» Exercise material:
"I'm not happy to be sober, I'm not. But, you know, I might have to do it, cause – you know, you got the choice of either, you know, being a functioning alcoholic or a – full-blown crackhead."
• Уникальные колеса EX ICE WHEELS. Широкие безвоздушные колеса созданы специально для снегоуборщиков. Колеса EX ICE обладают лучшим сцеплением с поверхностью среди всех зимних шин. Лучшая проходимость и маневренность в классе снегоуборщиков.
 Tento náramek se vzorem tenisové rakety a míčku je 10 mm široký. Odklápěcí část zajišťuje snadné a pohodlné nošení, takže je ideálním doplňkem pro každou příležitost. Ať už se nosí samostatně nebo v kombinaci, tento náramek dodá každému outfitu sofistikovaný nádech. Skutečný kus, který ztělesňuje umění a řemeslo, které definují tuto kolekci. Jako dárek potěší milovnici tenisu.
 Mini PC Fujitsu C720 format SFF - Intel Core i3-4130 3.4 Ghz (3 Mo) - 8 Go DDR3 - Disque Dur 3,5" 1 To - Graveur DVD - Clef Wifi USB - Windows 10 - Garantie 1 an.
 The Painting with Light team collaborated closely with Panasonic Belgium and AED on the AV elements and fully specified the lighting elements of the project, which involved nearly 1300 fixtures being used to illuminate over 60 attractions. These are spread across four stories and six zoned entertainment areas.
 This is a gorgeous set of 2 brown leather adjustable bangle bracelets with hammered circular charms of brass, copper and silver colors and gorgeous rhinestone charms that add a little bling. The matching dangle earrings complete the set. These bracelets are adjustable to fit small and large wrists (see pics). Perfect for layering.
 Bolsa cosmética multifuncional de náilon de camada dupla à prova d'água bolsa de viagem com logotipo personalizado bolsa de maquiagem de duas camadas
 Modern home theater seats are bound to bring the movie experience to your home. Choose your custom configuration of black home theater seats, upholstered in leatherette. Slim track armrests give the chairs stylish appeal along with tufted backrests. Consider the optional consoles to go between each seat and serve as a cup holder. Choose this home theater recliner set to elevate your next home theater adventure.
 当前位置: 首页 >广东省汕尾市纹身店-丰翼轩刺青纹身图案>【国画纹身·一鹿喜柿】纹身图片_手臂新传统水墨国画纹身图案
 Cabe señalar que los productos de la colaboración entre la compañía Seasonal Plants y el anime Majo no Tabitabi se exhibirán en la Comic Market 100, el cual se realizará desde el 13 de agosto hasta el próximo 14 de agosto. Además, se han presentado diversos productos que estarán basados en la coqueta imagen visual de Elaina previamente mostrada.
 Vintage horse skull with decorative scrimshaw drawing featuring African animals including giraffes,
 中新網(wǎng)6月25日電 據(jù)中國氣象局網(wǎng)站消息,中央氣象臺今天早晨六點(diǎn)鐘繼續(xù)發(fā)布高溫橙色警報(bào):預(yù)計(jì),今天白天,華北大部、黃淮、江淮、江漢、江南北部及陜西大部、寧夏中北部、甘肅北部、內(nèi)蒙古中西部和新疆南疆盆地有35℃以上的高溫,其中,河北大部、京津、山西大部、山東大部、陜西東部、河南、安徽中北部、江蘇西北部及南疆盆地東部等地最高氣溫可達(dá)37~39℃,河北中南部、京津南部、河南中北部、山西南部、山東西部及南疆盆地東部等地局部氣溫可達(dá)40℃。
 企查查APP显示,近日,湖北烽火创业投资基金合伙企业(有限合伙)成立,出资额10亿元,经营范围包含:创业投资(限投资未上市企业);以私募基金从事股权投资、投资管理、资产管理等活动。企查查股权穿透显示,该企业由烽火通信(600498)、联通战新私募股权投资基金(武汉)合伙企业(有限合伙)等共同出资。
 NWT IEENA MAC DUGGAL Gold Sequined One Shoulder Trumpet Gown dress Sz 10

» What you will do:
An exact, complete copy of the lines above from the one with "Cabe señalar que" through the one with "企查查APP显示,近日,湖北" is the whole answer.

» Response below:
 Cabe señalar que los productos de la colaboración entre la compañía Seasonal Plants y el anime Majo no Tabitabi se exhibirán en la Comic Market 100, el cual se realizará desde el 13 de agosto hasta el próximo 14 de agosto. Además, se han presentado diversos productos que estarán basados en la coqueta imagen visual de Elaina previamente mostrada.
 Vintage horse skull with decorative scrimshaw drawing featuring African animals including giraffes,
 中新網(wǎng)6月25日電 據(jù)中國氣象局網(wǎng)站消息,中央氣象臺今天早晨六點(diǎn)鐘繼續(xù)發(fā)布高溫橙色警報(bào):預(yù)計(jì),今天白天,華北大部、黃淮、江淮、江漢、江南北部及陜西大部、寧夏中北部、甘肅北部、內(nèi)蒙古中西部和新疆南疆盆地有35℃以上的高溫,其中,河北大部、京津、山西大部、山東大部、陜西東部、河南、安徽中北部、江蘇西北部及南疆盆地東部等地最高氣溫可達(dá)37~39℃,河北中南部、京津南部、河南中北部、山西南部、山東西部及南疆盆地東部等地局部氣溫可達(dá)40℃。
 企查查APP显示,近日,湖北烽火创业投资基金合伙企业(有限合伙)成立,出资额10亿元,经营范围包含:创业投资(限投资未上市企业);以私募基金从事股权投资、投资管理、资产管理等活动。企查查股权穿透显示,该企业由烽火通信(600498)、联通战新私募股权投资基金(武汉)合伙企业(有限合伙)等共同出资。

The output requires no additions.